### WORK INSTRUCTION
Only text belongs in your copy of the listing below; reproduce it exactly and leave out the pictures.
##### PROVIDED MATERIAL
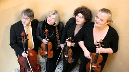 Es spielen Christiane Wojciechowski-Nack - 1. Violine, Susanne Kemner - 2. Violine, Gabriele Ulatowski (Lehrkraft an der Musikschule Eberbach) - Viola und Hans Nasshan - Cello.
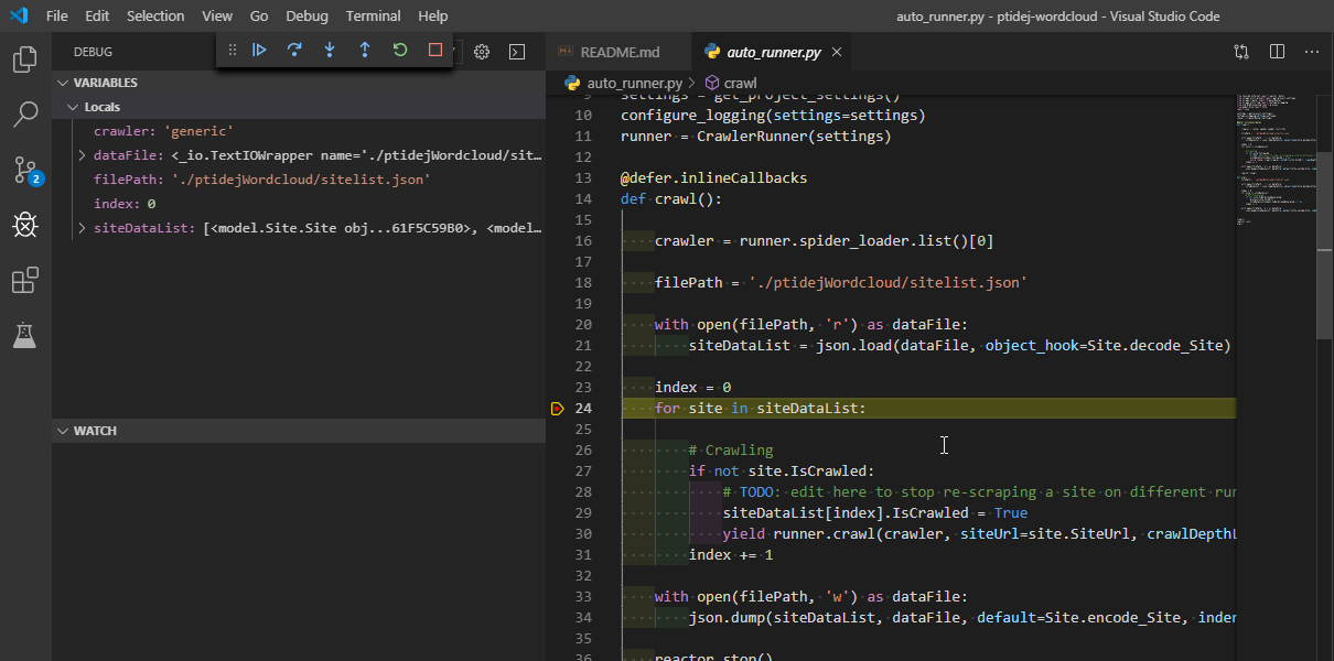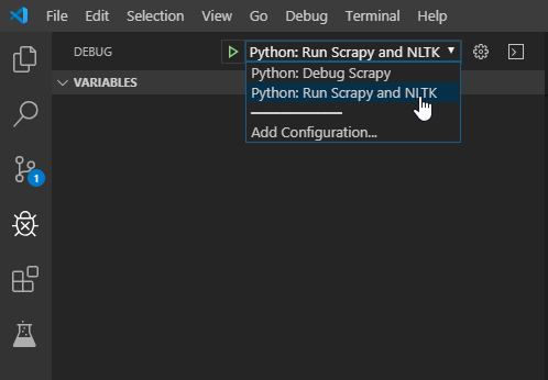 - Choose Python: Run Scrapy and NLTK at debug menu list
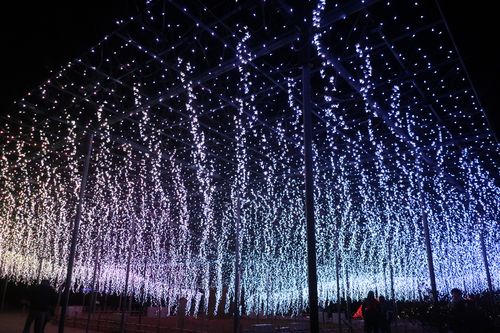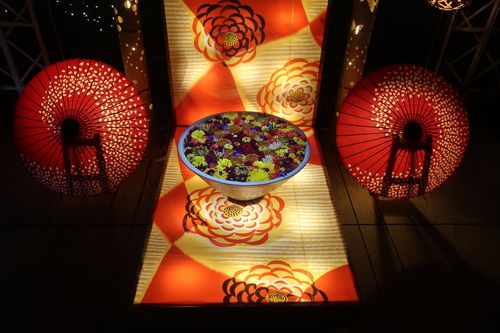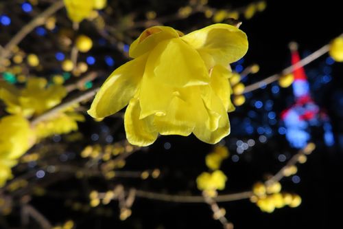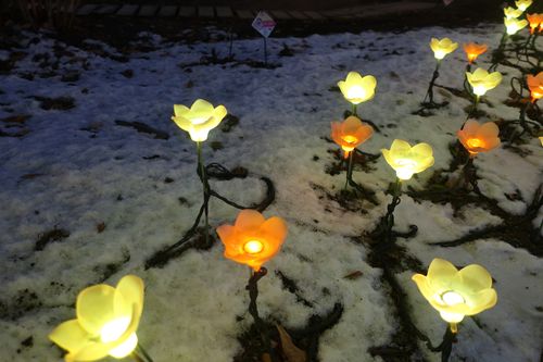 ライトアップされたこれらの花は、この時期の夜の時間帯でしか見ることができません。
##########
### RESPONSE FOR THIS EXERCISE
 Es spielen Christiane Wojciechowski-Nack - 1. Violine, Susanne Kemner - 2. Violine, Gabriele Ulatowski (Lehrkraft an der Musikschule Eberbach) - Viola und Hans Nasshan - Cello.
 - Choose Python: Run Scrapy and NLTK at debug menu list
 ライトアップされたこれらの花は、この時期の夜の時間帯でしか見ることができません。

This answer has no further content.